In the first room right of the corridor, chief technician Johannes Hentschel worked at his machinery and installations; these were all supplied with the necessary electricity. I had known Hentschel for many years. He had been employed at the Reich Chancellery since 1933 and had a four-room flat there. He had had an important role in the building of the Führerbunker and was now responsible for the technical installations in the machinery room. Hannes, as I called him, knew the whole technology inside out. In the machinery room near the door was an emergency diesel generator with various pumps, which among other things kept the dressing station below the Reich Chancellery supplied with fresh water from a deep spring bored for the purpose.
Ten to twelve barrels of diesel oil were stacked near the air-conditioning plant. This could run for about a thousand hours and might also absorb battlefield gases sucked in. Once there was great alarm during a situation conference, when a kind of acrid burning smell was noticed, and the installation had to be shut down immediately. It turned out that Göring's car had been parked below an air intake, and the car, which used wood for fuel, had produced gases and vapours sucked in by the intake. During the last days in the bunker, the exhaust gases of the machinery created a kind of gymnasium fug, so that it fairly stank below.

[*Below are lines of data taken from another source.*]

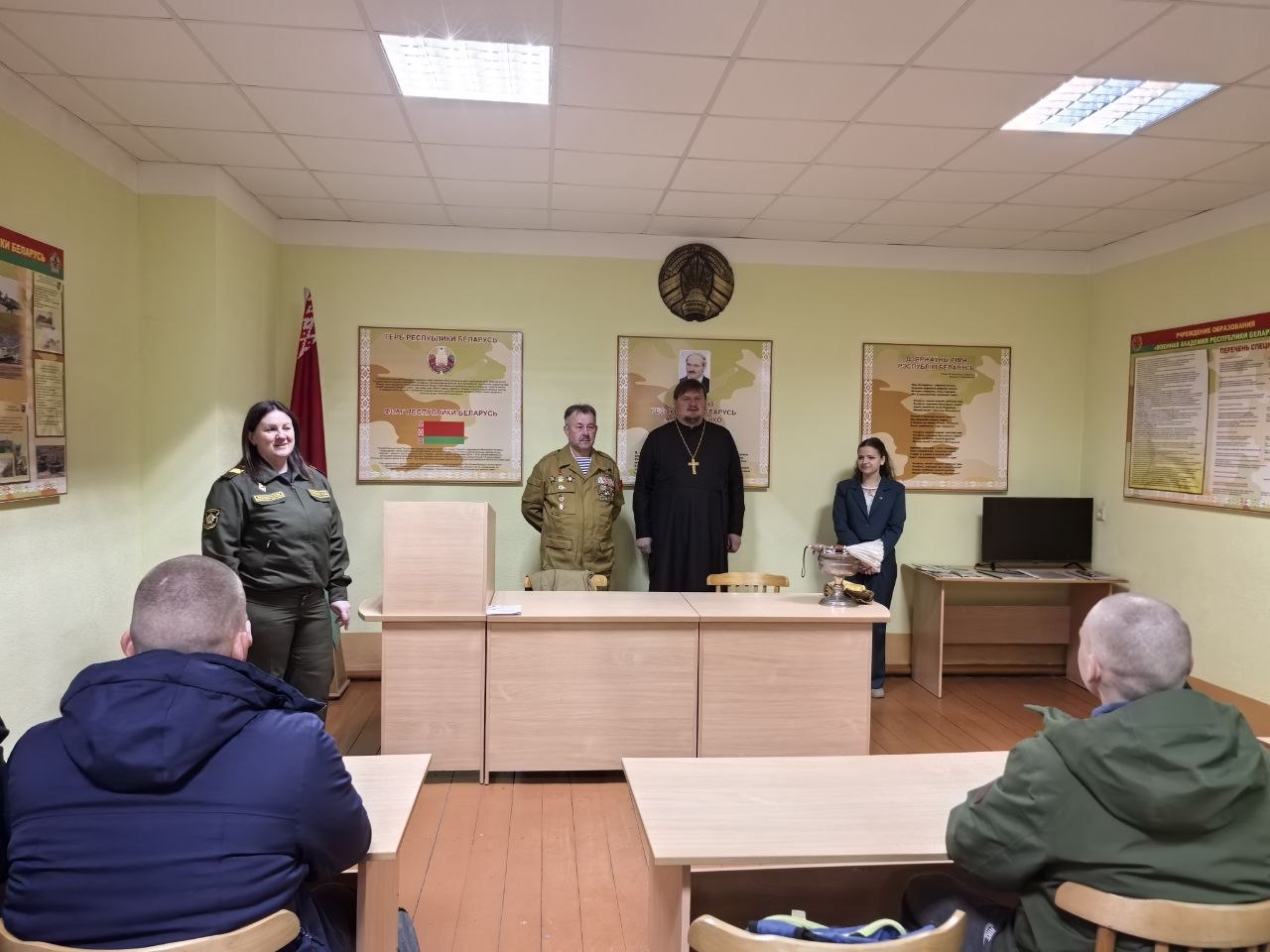 Напутственные слова и добрые пожелания ребятам сказали начальник группы призыва райвоенкомата Ольга Балацун, воин-интернационалист Александр Саливанчук, молодежный лидер района Валентина Сымботяну-Шевченко и благочинный Калинковичского округа, настоятель храма святых благоверных Петра и Февронии Муромских в г. Калинковичи иерей Сергий Карпович.
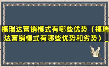 福瑞达营销模式有哪些优势(福瑞达营销模式有哪些优势和劣势)
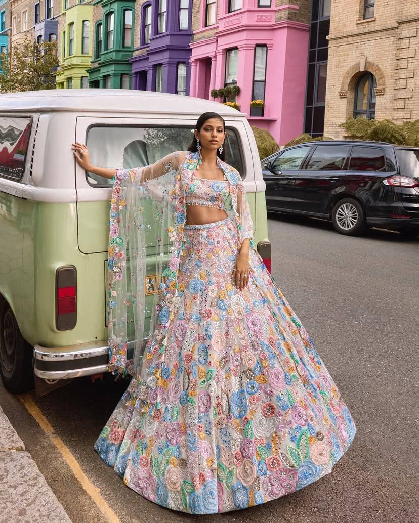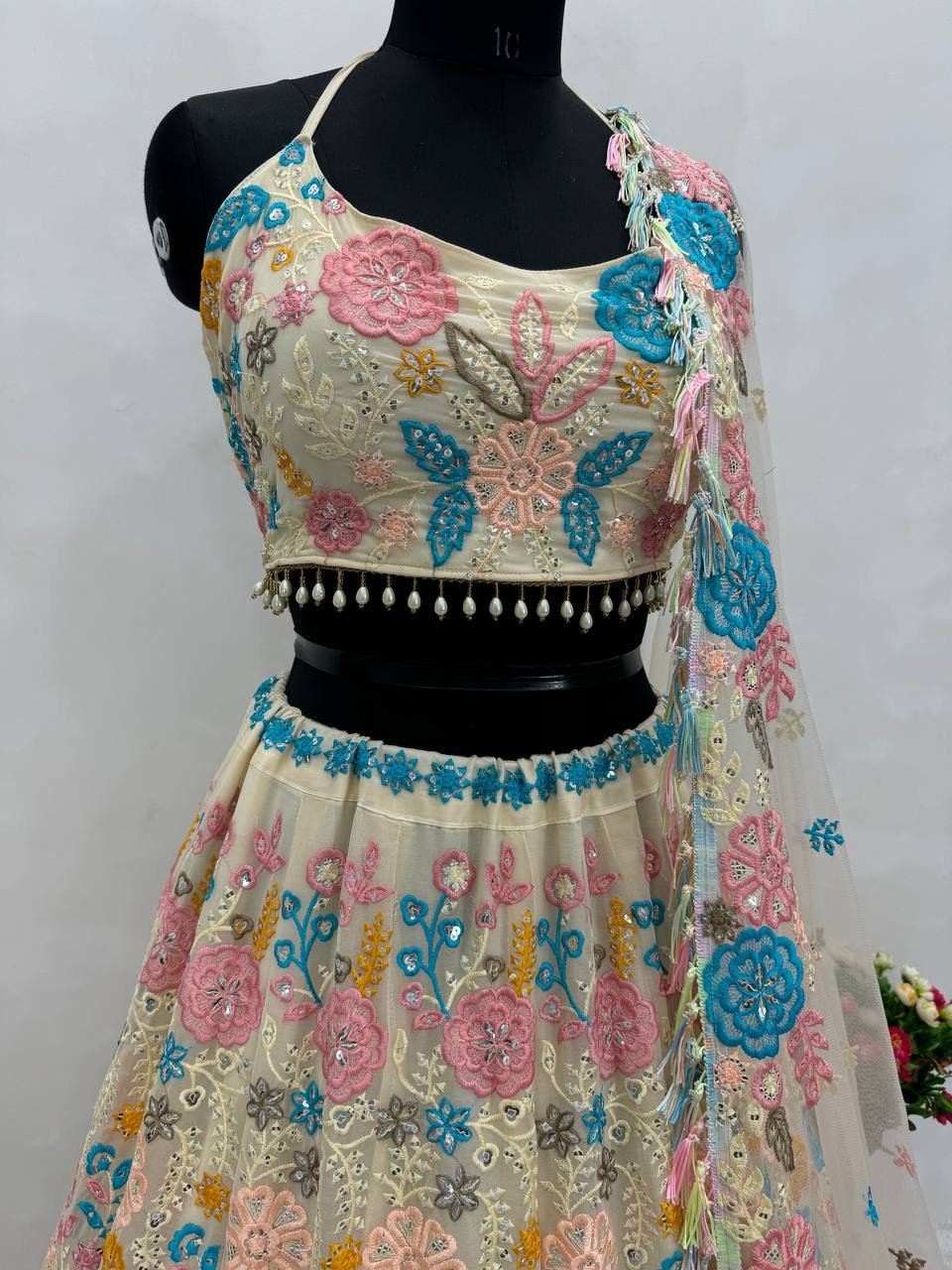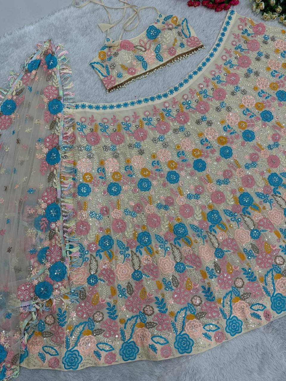 Lehenga Choli- HEAVY FUAX GEORGEET FABRICS AND HEAVY EMBROIDERED SEQUENCE WORK LEHENGA CHOLI
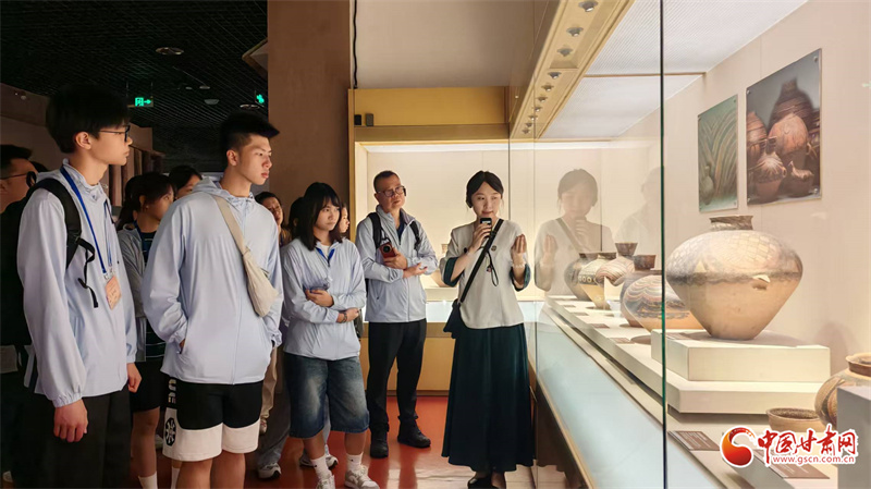 7月24日上午,“同心筑夢”2025年澳門青少年甘肅行來到甘肅省博物館,來自澳門培正中學(xué)等7所中學(xué)的30名師生依次參觀了“甘肅古生物化石”“甘肅彩陶”“絲綢之路”三大常設(shè)展覽,在“穿越時空”的沉浸式體驗中感受黃河文化的厚重與絲路精神的多彩,完成了一次跨越億萬年、縱覽文明史的深度研學(xué)之旅。
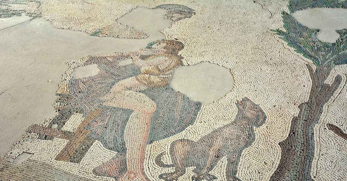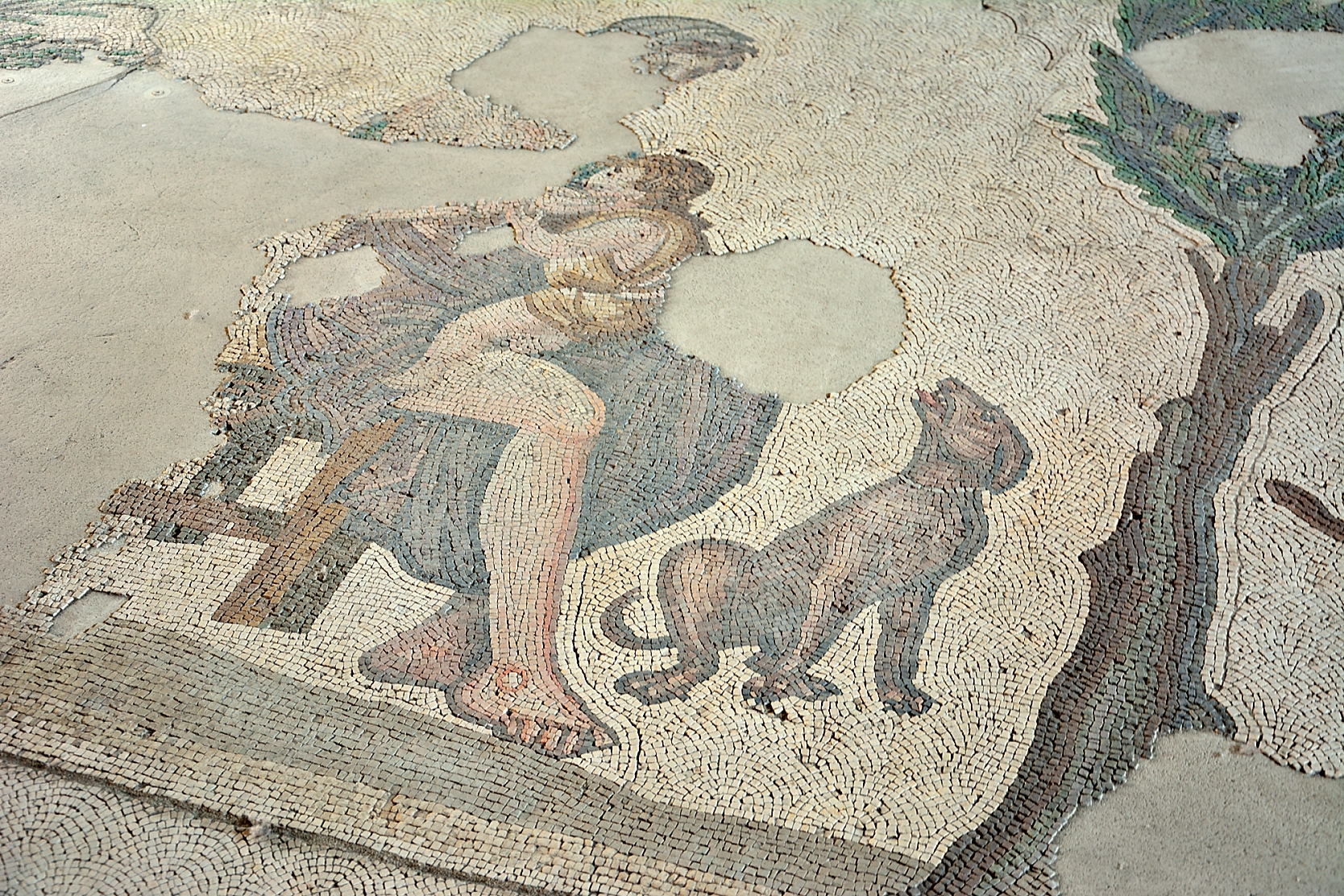 Mother and the dog: A mother is breastfeeding her baby. The scene is a representation of Isis with her child Horus. A dog on the left of the woman is looking at her with its raised head. Period: Early Byzantine, circa 6th. century CE. Place: Constantinople, (Modern Istanbul, Turkey). Great Palace Mosaic Museum, Istanbul, Turkey. The Great Palace Mosaic Museum was inaugurated in 1987 CE. The mosaics in the museum mostly depict animals and humans in nature, mythological, pastoral motifs and hunting scenes. Once located in today’s Sultan Ahmet District, the Great Palace of Constantinople was built by Constantine the Great. The Palace area extended from the Hippodrome to the coastline. Destroyed in the Nika Riot in the 6th century CE, the Great Palace was rebuilt by Justinian I. The mosaics, decorating the floors of the museum today date back to that restoration time. The mosaics are just one-seventh of the original work.

Opposite the machinery room, on the left side, was the so-called wet room (a bathroom with toilets), and immediately adjoining Hentschel's machinery room was âmy' room, in which the telephone switchboard was installed. Instead of the fine telephone switchboard above, I now had this cell. I had not previously operated this kind of switchboard, which was now occupying the deep bunker. I saw at once that it had plug connections. I sighed. Gone was the time with the modern Siemens unit and its many colourful buttons. Now it was plug and drop-flap again. The junction box on the wall was the size of a shoe-box. No suspicion whose bright idea this pitiful fitment was. It might have been all right for a small boarding house, but not for the Führerbunker at the Reich Chancellery. Obviously, nobody had thought that the underground telephone switchboard here might become the most important switching centre for reports. Calls rerouted from the main switchboard in the New Reich Chancellery to the Führerbunker telephone switchboard reached only five extensions. One telephone was in Hitler's private rooms, another in Professor Morell's room abutting the switchboard, and other extensions were with the valet Linge in his restroom and the guard. The fifth telephone was in the corridor.